Steady as she goes: Scientists tame damaging plasma
instabilities and pave the way for efficient fusion on Earth
By John Greewald
Princeton , NJ , August 21, 2018 -- Before
scientists can capture and recreate the fusion process that powers the sun and
stars to produce virtually limitless energy on Earth, they must first learn to
control the hot plasma gas that fuels fusion reactions. In a set of recent
experiments, scientists have tamed a plasma instability in a way that could lead
to the efficient and steady state operation of ITER, the international
experiment under construction in France to demonstrate the
feasibility of fusion power. Such continuous operation will be essential for
future fusion devices.
By John Greewald
Fusion powers the sun and stars by fusing light elements in the form of
plasma — the hot, charged state of matter composed of free electrons and atomic
nuclei — to produce massive amounts of energy.
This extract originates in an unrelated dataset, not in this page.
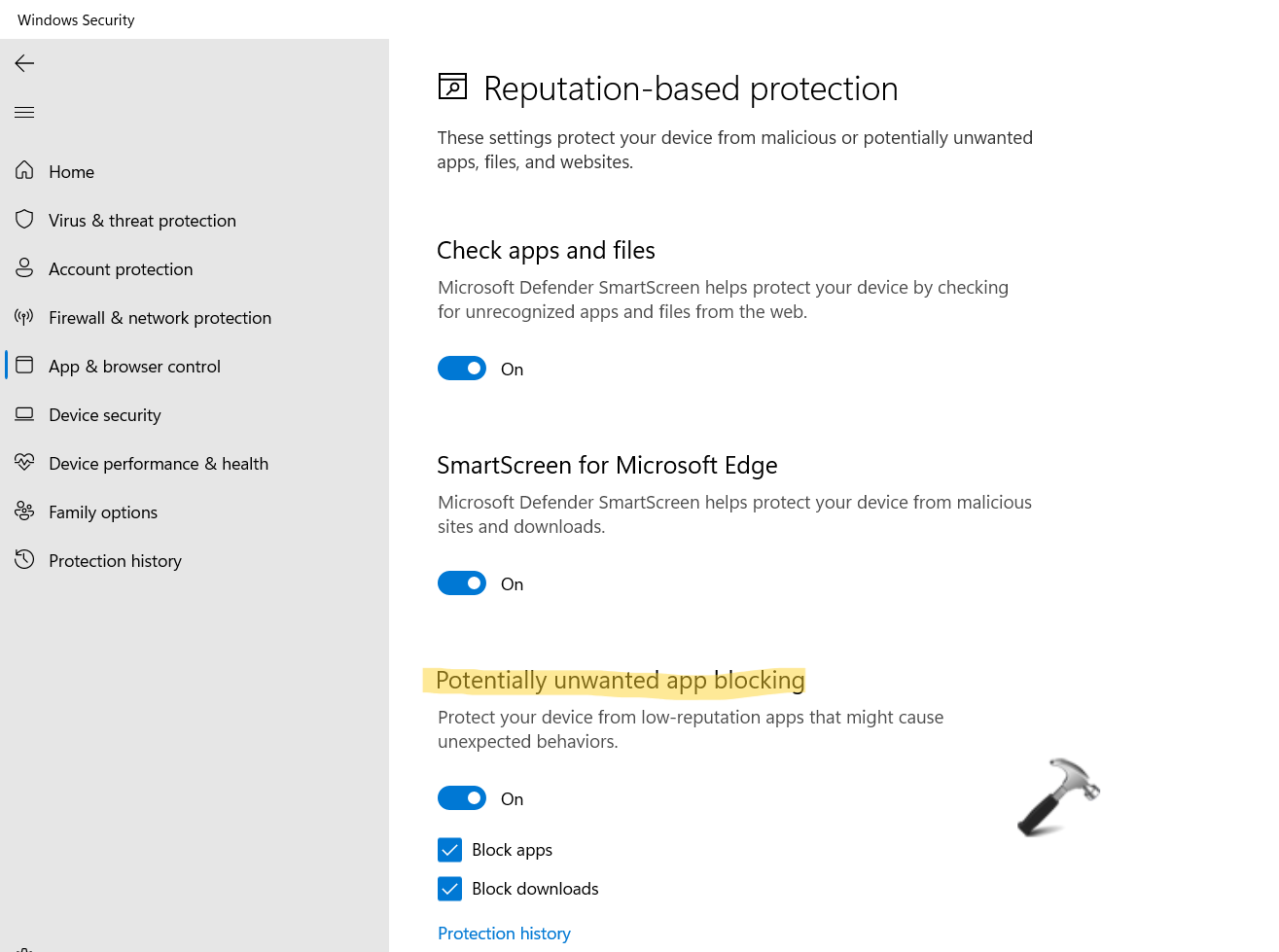 3.Agora, ligueBloqueio de aplicativos potencialmente indesejados. Além disso, ligueBloquear aplicativosassim comoBloquear downloads.

Scientists are seeking to
replicate fusion on Earth for a virtually inexhaustible supply of
electricity-generating power.
The most recent findings, developed by a team of researchers led by
physicist Raffi Nazikian of the U.S. Department of Energy’s (DOE) Princeton
Plasma Physics Laboratory (PPPL) and Craig Petty of General Atomics, stem from
experiments conducted on the DIII-D National Fusion Facility operated by
General Atomics for the DOE in San Diego. The results build on earlier work led
by DIII-D scientists that demonstrated the conditions needed for steady-state
operation of the core of ITER plasmas and established techniques to control
these plasma instabilities.
The new research targets instabilities called Edge Localized Modes (ELMs)
that develop at the periphery of fusion plasmas. Such instabilities can cause
periodic heat bursts that can damage plasma-facing components in a tokamak. “In
these results we observe the suppression of large ELMs, leaving small benign
ELMs in plasmas that overlap with the conditions required for steady-state ITER
operation,” said Nazikian, lead author of a scientific paper in IAEA’s Nuclear
Fusion journal that lays out the findings. “These new experiments are a great
example of successfully combining two separate advances, in this case 100
percent current drive in the plasma core and large ELM suppression in the edge,
in an efficient and effective manner” said Petty, lead author of a prior
Nuclear Fusion paper on the DIII-D findings relevant to the steady state core
of the ITER plasma.
To keep large ELMs from occurring, researchers produce small magnetic
ripples known as resonant magnetic perturbations (RMPs) that distort the smooth
doughnut shape of tokamak plasmas. In the recent experiments, the scientists
found that increasing the overall pressure of the plasma makes the plasma far
more responsive to the ripples to better control ELMs and produce the
conditions needed for steady-state ITER operation.
The higher pressure also increases a self-generated current that forms
inside tokamak plasmas. This can be combined with particle beams and microwaves
to drive and sustain the plasma current indefinitely in a so-called steady
state. These higher self-generated currents make this process more efficient,
and thus a fusion power plant more attractive.
When researchers projected the recent DIII-D results to ITER, they found
that the higher plasma pressure and bootstrap current, together with additional
sources of current from particle beams and microwaves, could create a fully
sustainable steady-state regime that generates four-to-five times more power
than it will take to heat the plasma and drive the current. Support for this
work comes from the DOE Office of Science (FES) and the General Atomics
Postdoctoral Research Participation Program administered by Oak Ridge
Associated Universities (ORAU).
Going forward, physicists seek to create a greater percentage of bootstrap
current to increase the fusion power gain and reduce the additional power
needed to drive current. These DIII-D experiments produced about 30 percent
self-driven current, although the bootstrap current fraction are projected to
increase in ITER as its higher field means its ions collide less often,
enabling current to be driven more easily.
“What we are currently working on in DIII-D is to develop the basis for
fully steady-state high pressure plasma for ITER and beyond,” Nazikian said. “A
central goal of the DIII-D program now is to identify ways in which
high-pressure plasmas can drive most of the current required for steady-state
reactors. We are undertaking major upgrades to the facility to meet this goal
while exploring regimes that are free of dangerous ELMs.”